1

I am trying to open specific lines of multiple files and return the lines of each file. My solution is taking quite time-consuming. do you have any suggestion?
func.filename: the name of the given file
func.start_line: the starting point in the given file
func.endline: finishing point in the given file

def method_open(func):
    try:
        body = open(func.filename).readlines()[func.start_line:
                                               func.end_line]
    except IOError:
        body = []
        stderr.write("\nCouldn't open the referenced method inside {0}".
                     format(func.filename))
        stderr.flush()
    return body

Have in mind that sometimes the opening file func.filename can be the same but unfortunately, this is not the case most of the time.

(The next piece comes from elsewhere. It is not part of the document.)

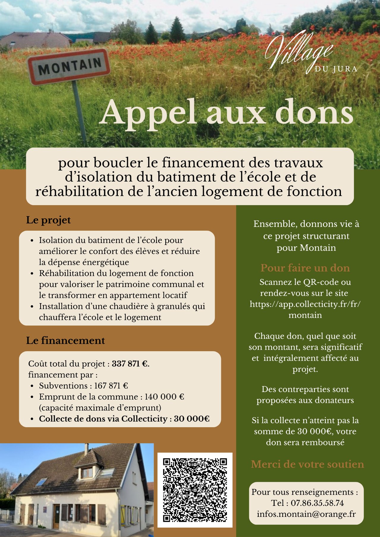 "Montain a besoin de vous ! Ensemble, finalisons la rénovation de notre école et logement communal 🏫💚"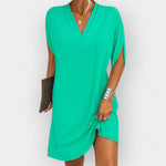 Ένα απλό αλλά εντυπωσιακό φόρεμα που συνδυάζει κομψότητα και άνεση. Η ίσια του γραμμή κολακεύει κάθε σιλουέτα και η V-λαιμόκοψη προσθέτει μια εκλεπτυσμένη νότα. Ιδανικό για τις ζεστές μέρες, φοριέται εύκολα από το πρωί μέχρι το βράδυ.

  • Why is it taking so much time? Is the file very large? If so then how large? – Muhammad Tahir Apr 05 '16 at 14:30
  • You can try the [linecache](https://docs.python.org/2/library/linecache.html) module or `itertools.islice` and see if they're also too time consuming. See more details here: http://stackoverflow.com/questions/2081836/reading-specific-lines-only-python – Paulo Almeida Apr 05 '16 at 14:47
  • no, I think the problem is that I am opening and closing the file over and over again, abut linecache can be interesting if it had the capability of muliple lines at the same time. – Mehrdad Mehraban Apr 05 '16 at 15:37
  • I think I will have to time each solution to know which one is the fastest. – Mehrdad Mehraban Apr 05 '16 at 15:43

1 Answers1

2

The problem with readlines is that it reads the whole file into memory and linecache does the same.

You can save some time by reading one line at a time and breaking the loop as soon as you reach func.endline

But the best method i found is to use itertools.islice

Here the results of some tests I have done on a 130MB file of ~9701k lines:

--- 1.43700003624 seconds --- f_readlines
--- 1.00099992752 seconds --- f_enumerate
--- 1.1400001049 seconds --- f_linecache
--- 0.0 seconds --- f_itertools_islice

Here you can find the script I used

import time
import linecache
import itertools


def f_readlines(filename, start_line, endline):
    with open(filename) as f:
        f.readlines()[5000:10000]


def f_enumerate(filename, start_line, endline):
    result = []
    with open(filename) as f:
        for i, line in enumerate(f):
            if i in range(start_line, endline):
                result.append(line)
            if i > endline:
                break


def f_linecache(filename, start_line, endline):
    result = []
    for n in range(start_line, endline):
        result.append(linecache.getline(filename, n))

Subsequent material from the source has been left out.